Importantly, the findings resonate with broader psychiatric guideline shifts favoring early intervention and integrated care pathways for youth mental health. The long-term sustainability and societal benefits may extend beyond measured direct healthcare costs, encompassing improved functional recovery and reduced societal burden.
Conclusion
The ACCESS Open Minds initiative provides compelling evidence that transforming youth mental health services towards enhanced, community-based primary care leads to meaningful reductions in costly healthcare utilization, producing a substantial return on investment. Embedding such models in urban healthcare systems can facilitate earlier identification and treatment of youth mental health problems, including those with complex service histories.
Future research should involve multi-site evaluations, longer follow-up intervals, and incorporation of patient-reported outcomes to fully capture clinical, economic, and quality-of-life impacts. Policymakers and healthcare planners are encouraged by this evidence to support expansion and sustainable funding of early intervention youth mental health services to meet the pressing needs of this vulnerable population.
Funding
This study and the ACCESS Open Minds program were funded by the Canadian Institutes of Health Research and the Graham Boeckh Foundation.
References
1. Shah JL, Thanh NX, Surood S, et al. Return on investment of enhanced primary youth mental health services in a large Canadian urban centre: a retrospective cohort study. Lancet Psychiatry. 2026 Jul 7; PMID: 42413522.

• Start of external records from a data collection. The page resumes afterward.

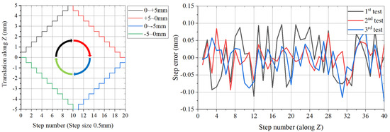 In the translational motion accuracy test, measurements are taken along the Z-axis translation direction within the range from to using a step size of . The test is conducted using the sequence from for three cycles. The test results are shown in Figure 18.
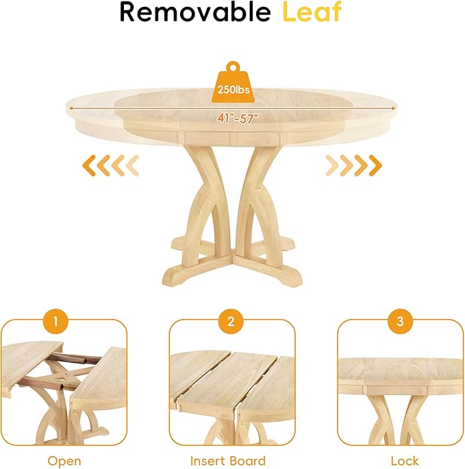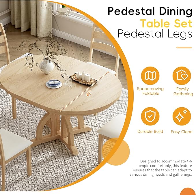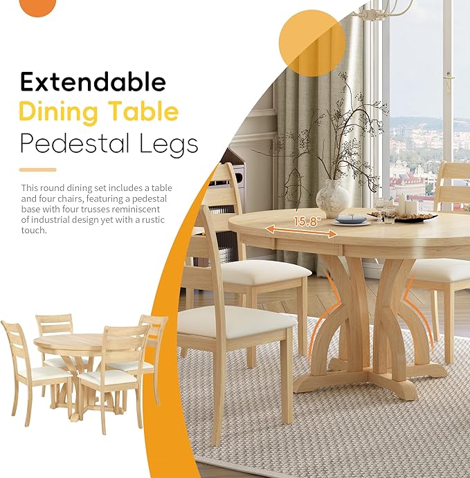 Farmhouse Round Pedestal 15.8" Removable Leaf, Extendable Kitchen w/Ladder Back Chairs, for Small Places, Room, 5 Piece Dining Table Set, Natural 16
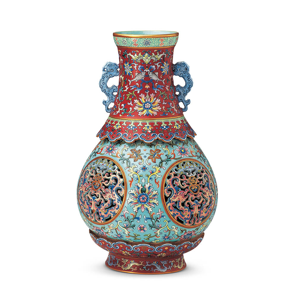 瓶体由外瓶、内瓶、底座分别烧造组成,外瓶套于内瓶外,内瓶与底座有轴碗相连,它是根据陶车旋转原理而制。通体色地饰粉彩,主体绘夔龙纹,辅以番莲纹、云纹等。外底松石绿釉上书红彩“大清乾隆年制”篆书款。清代景德镇瓷业于乾隆年间达到鼎峰,粉彩转心瓶为乾隆时期的佼佼者。该器外瓶精工镂雕,制作复杂,施彩浓艳,构图繁密,巧夺天工。
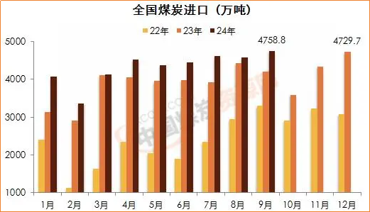 海关总署最新发布的数据显示,刚刚过去的9月份,全国煤炭进口量再攀高位,超过2023年12月份曾创下的4729.7万吨的历史高位,一举创下了单月进口量的新纪录。

2. McGorry PD, Mei C. Early intervention in youth mental health: progress and future directions. Evid Based Ment Health. 2020 Feb;23(1):5-7.
3. Rickwood DJ, Mazzer KR, Telford NR. Service system performance, utilization, and barriers to access in youth mental health services: findings from the Headspace national youth mental health foundation in Australia. Aust N Z J Psychiatry. 2021;55(10):1020-1032.
4. Patel V, Flisher AJ, Hetrick S, McGorry P. Mental health of young people: a global public-health challenge. Lancet. 2007 Apr 14;369(9569):1302-1313.